We rationed carefully from the start—each portion measured, each scrap saved—but it wasn’t enough. The reality of our situation gnaws at me. We’ve escaped the horrors of war only to face a different kind of battle here—one against nature itself.
I’m a soldier; I’ve faced down death and come out alive. But this… this slow strangulation by an invisible foe shakes me more than any battlefield ever did. But now… now as I watch over my sleeping family, worry gnaws at my gut like a relentless pest. The rifle by my side offers cold comfort against this new adversary—hunger. It’s a foe you can’t see or fight head-on; it’s a waiting game where time is never on your side.
Our intentions were pure, yet the land responds with venom. Yet when I watch Elijah and Annie play—him with his wild tales of adventure and her following him like he hung the moon—I know there’s hope yet for us Dawsons. Elijah’s got more courage than I had at his age, and Annie… she laughs like there ain’t a shadow in this world that could touch her.
My heart swells with love for them both—two beacons of light in this sometimes too-dark world.
The night is cold, colder than any we’ve seen this season, and the fire’s warmth can’t seem to reach the chill in my bones. But it’s not the cold that troubles me most—it’s the worry for my family’s well-being that cuts through all else.
Desperation’s a familiar companion now, one that whispers of failure and hardship. It keeps me company as I toil under the relentless sun or lie awake in the dead of night, listening to the wind howl its mournful tune. Each day I rise with the sun, driven by a singular purpose—to provide for Helen and the children. My mind runs circles around the same thoughts—if only something would turn in our favor. Just one good harvest, one lucky break, one answered prayer. If fortune were to smile upon us but once, I believe we could turn this tide of misfortune that threatens to drown us.

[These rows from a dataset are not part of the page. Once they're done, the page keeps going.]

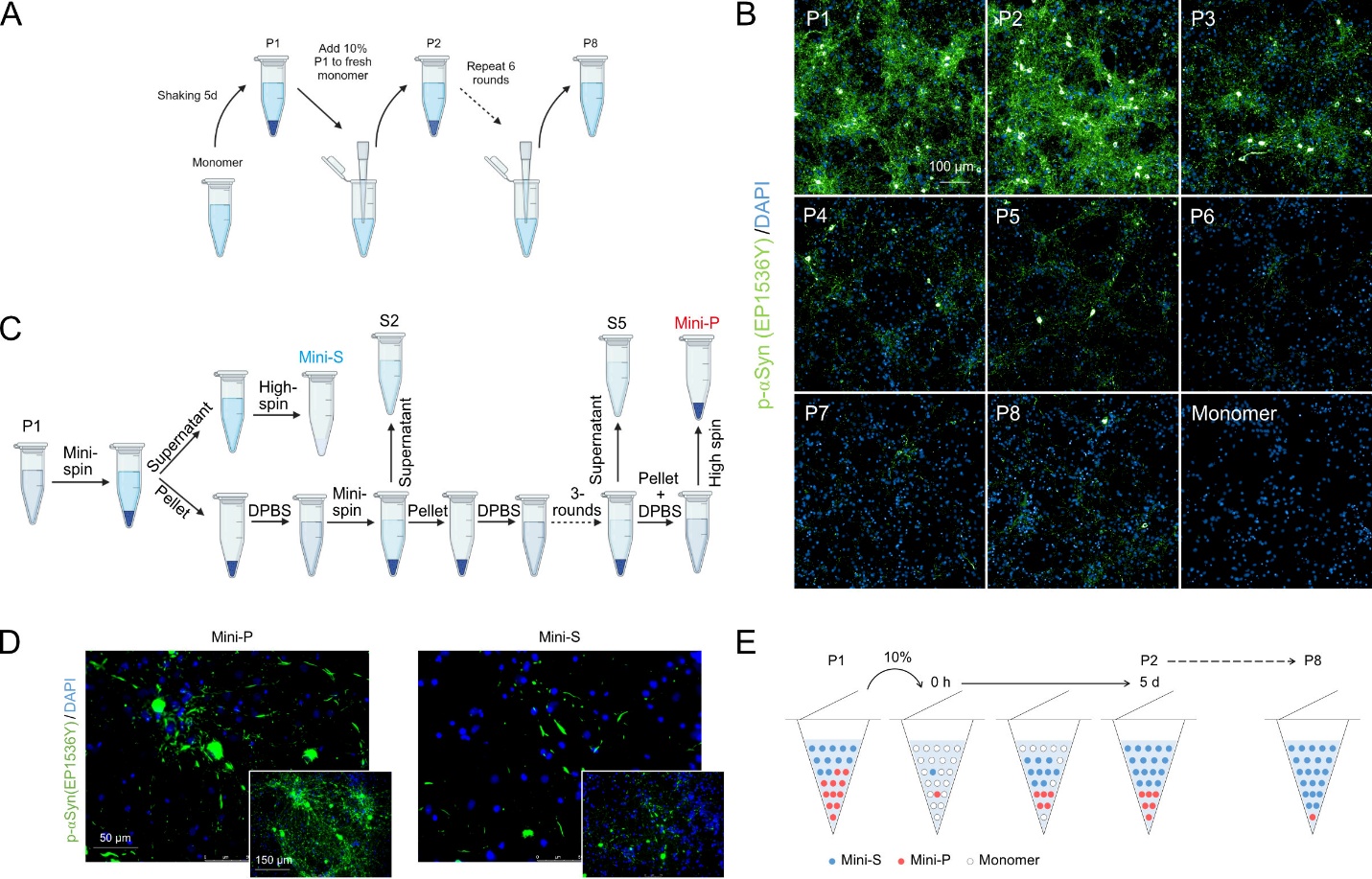 通过体外模拟病理种子的连续扩增(图2A),研究团队发现:初始纤维(P1)在神经元中的病理诱导活性显著高于多次传代后的纤维(P8)(图2B)。进一步分离出两种纤维多态体Mini-P(高致病毒性)和Mini-S(低致病毒性),发现其比例变化是致病毒性衰减的主因(图2C-E)。
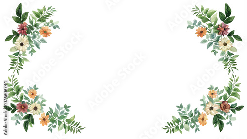 © NewFresh , Fototapeta premium Watercolor floral frame with green leaves and flowers. Vector illustration.
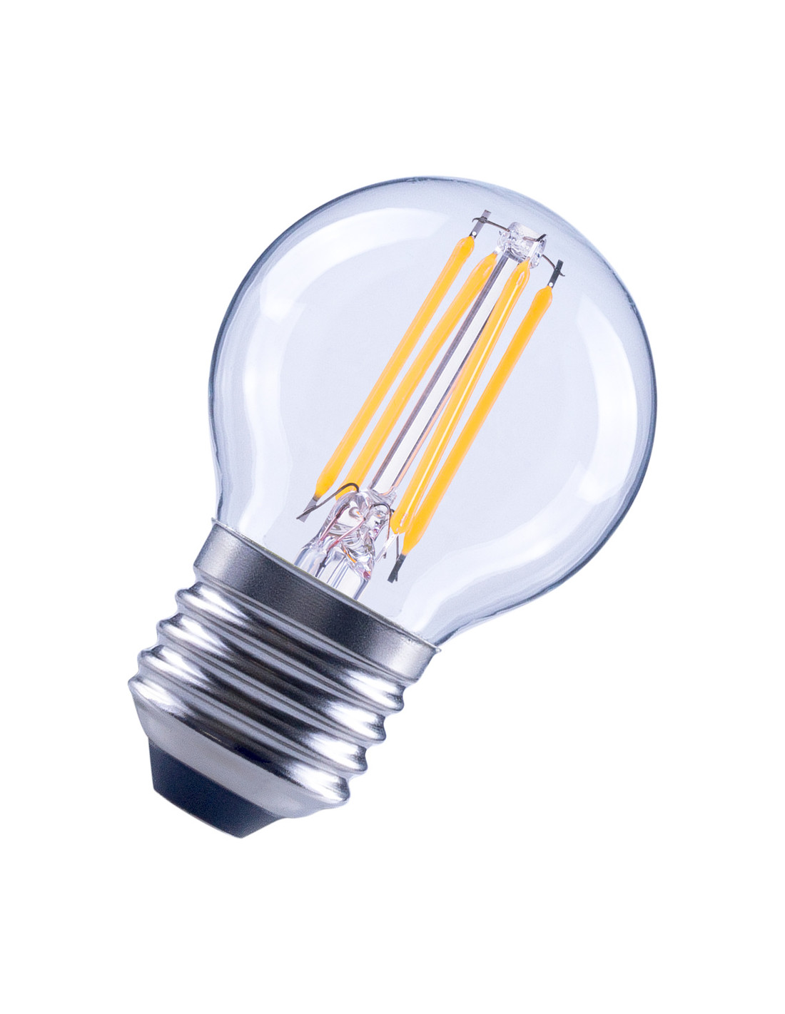 Cechy produktu: LED zamienniki tradycyjnych żarówek. Kąt wiązki światła: do 300°. Trwałość do 15 000 h. Dobre oddawanie barw (Ra 80) i stabilność braw przez cały czas eksploatacji lampy. Brak możliwości regulacji strumienia świetlnego. Zalety produktu: Wygląd, wymiary i strumień świetlny porównywalne z tradycyjnymi żarówkami lub żarówkami halogenowymi. Niższe zużycie energii w porównaniu do lamp żarowych lub halogenowych. Brak promieniowania UV i podczerwonego w wiązce światła. Łatwy montaż zamiast zwykłych żarówek. Natychmiast 100 % światła, bez czasu nagrzewania. Obszary zastosowań: Doskonałe rozwiązanie do instalacji dekoracyjnych. Zastosowania domowe. Oświetlenie ogólne. Do użytku na zewnątrz tylko w odpowiednich oprawach zewnętrznych. Porady dotyczące bezpieczeństwa: Nie dotykaj lampy, jeśli jest stłuczona.. Nie wolno używać, jeśli zewnętrzne źródło światła jest uszkodzone..
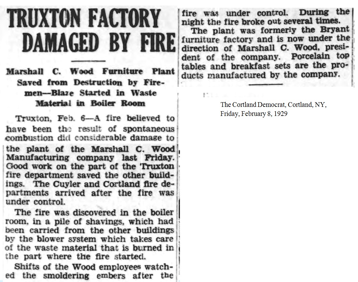[1929-02-08] - “Truxton Factory Damaged by Fire,” The Cortland Democrat, Cortland, NY, Friday, February 8, 1929.

I find myself bartering with fate—promising harder work, longer hours—anything for a sign that our fortunes will change. It pains me—the idea that I might fail them, that all my efforts could amount to naught but dust and regret. The children deserve better than this—a life where food isn’t scarce and laughter isn’t edged with unease.
Tonight I made a decision—a vow whispered into the dark as my family slept unaware. I’ll do whatever it takes to see them safe and their needs met. If pride must be swallowed or help sought from strangers who are slowly becoming neighbors… so be it.
I can bear their pity if it means food on our table and hope in Helen’s eyes once more. The notion goes against my very nature—but isn’t love about sacrifice? About putting those you cherish above your own stubborn will?
The fire crackles its agreement or perhaps its indifference—fire cares not for men’s troubles. But in its flickering light, I find resolve hardening within me like steel tempered by flame.
Tomorrow… tomorrow I’ll swallow my pride and seek counsel from those who’ve tamed this land before me. Perhaps they’ll offer wisdom or aid; perhaps they’ll turn me away. But I won’t know until I try—and trying is all I have left.
So let this page bear witness—I won’t give up on us, on Demomire… on hope itself. We Dawsons are made of sterner stuff; we have weathered storms before and will again.
For Helen… for Elijah… for Annie… for their smiles and their futures—I’ll move heaven and earth if need be.
May providence look kindly upon us—and soon—for time is a luxury we can ill afford.
The fire’s about burnt down to coals now. Time to rest up for another day’s labor. Tomorrow may not bring an easier path, but we’ll walk it all the same—side by side as Dawsons always have.